GA: No, not at all. I respect absolutely the opposition to us being involved in this engagement, to Martin McGuinness being involved in this engagement, that’s entirely right. We are a party which is democratic and which tries to bring about a very healthy climate where members can assent or dissent or remain neutral on issues, so throughout the party and throughout the Republic communities across this island, there are three views. There is the trenchant opposition to this, there is trenchant support for this and in between, as is probably usual, a lot of people just hoping it all goes well and positive about what I would like to think will be another step in this on-going process of change and equality coming down the road at us.
DM: Ah, so on that you agree with Lord Trimble that there are more steps to take, one of which he makes and others have made is what about Sinn Fein MPs finally getting over it and taking their seats in the House of Commons? 25 years ago you would have had an issue about sitting in Dial Eireann.

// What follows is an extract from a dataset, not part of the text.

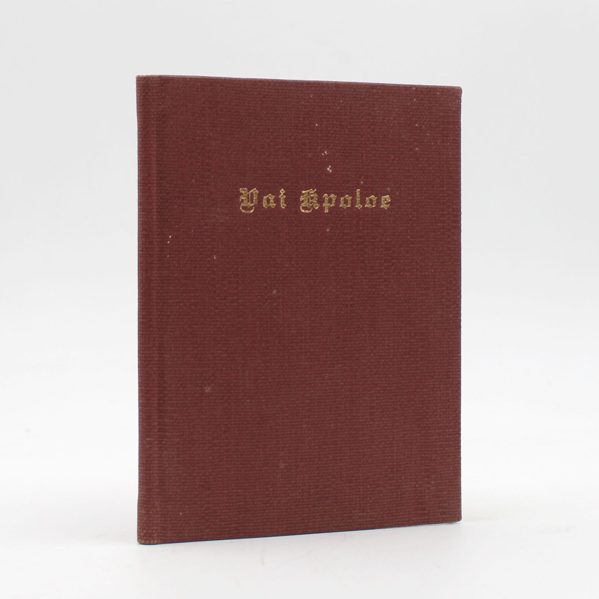 [New York City: De Pamphilis Press, 1944. First edition, variant issue in reddish-brown cloth [also seen in blue cloth]. [ii], 33 pp. 1 vols. 24mo. Reddish-brown cloth, a.e.g, glassine wrapper. Near fine. First edition, variant issue in reddish-brown cloth [also seen in blue cloth]. [ii], 33 pp. 1 vols. 24mo. The Vai langage is a Mande language of west Africa, used in Liberia and Sierra Leone.
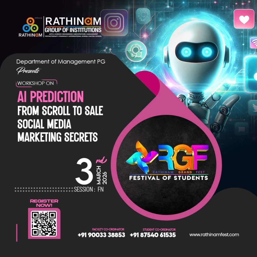 Workshop on :AI Prediction From Scroll to Sale Social Media Marketing Secrets Faculty Co-Ordinator:+91 90033 38853 Student Co-Ordinator:+91 87540 61535

GA: A complete distraction. Our parliament is on the island of Ireland, when I increasingly [inaudible] in the North and the Good Friday Agreement which David bravely signed up to is an all-Ireland arrangement, it’s an all-Ireland infrastructural constitutional arrangement. The Government of Ireland Act, David agreed to this, is gone. The people of the north are hardly as British as Finchley as Mrs Thatcher said, when the British government has agreed that when a majority want a united Ireland they will legislate for it. So all of this is good, all of this is positive and one can be sure of one thing, that on the day that this engagement takes place people will be pleased, except for those who are on the margins.
DM: Lord Trimble, just to come back to you, are you being unnecessarily negative here as Gerry Adams said? It is significant. It may be a natural progression but if we went back, as I mentioned, 20 years ago, we could never have imagined this taking place. The IRA wanted to assassinate the Queen, not shake her hand.
DT: No one said that this natural progression was insignificant and I welcome the fact that Gerry, who is being unnecessarily defensive on this, I welcome the fact that he acknowledges that there are future things still to be done. I think you’ll find that they’ll not be done just in quite the direction as his last remarks indicated.
DM: Okay, Gerry Adams, last word to you.
GA: Well it’s a good day, it’s a brave thing that’s being done by all of the people in this engagement and I look forward to the day when David and I live together in a united Ireland, happy and contented in each other’s company.
DM: And a chuckle there from Lord Trimble. Gerry Adams, President of Sinn Fein, thank you very much indeed out there in Belfast and live with me in the studio, the former First Minister of Northern Ireland. Thank you both very much indeed.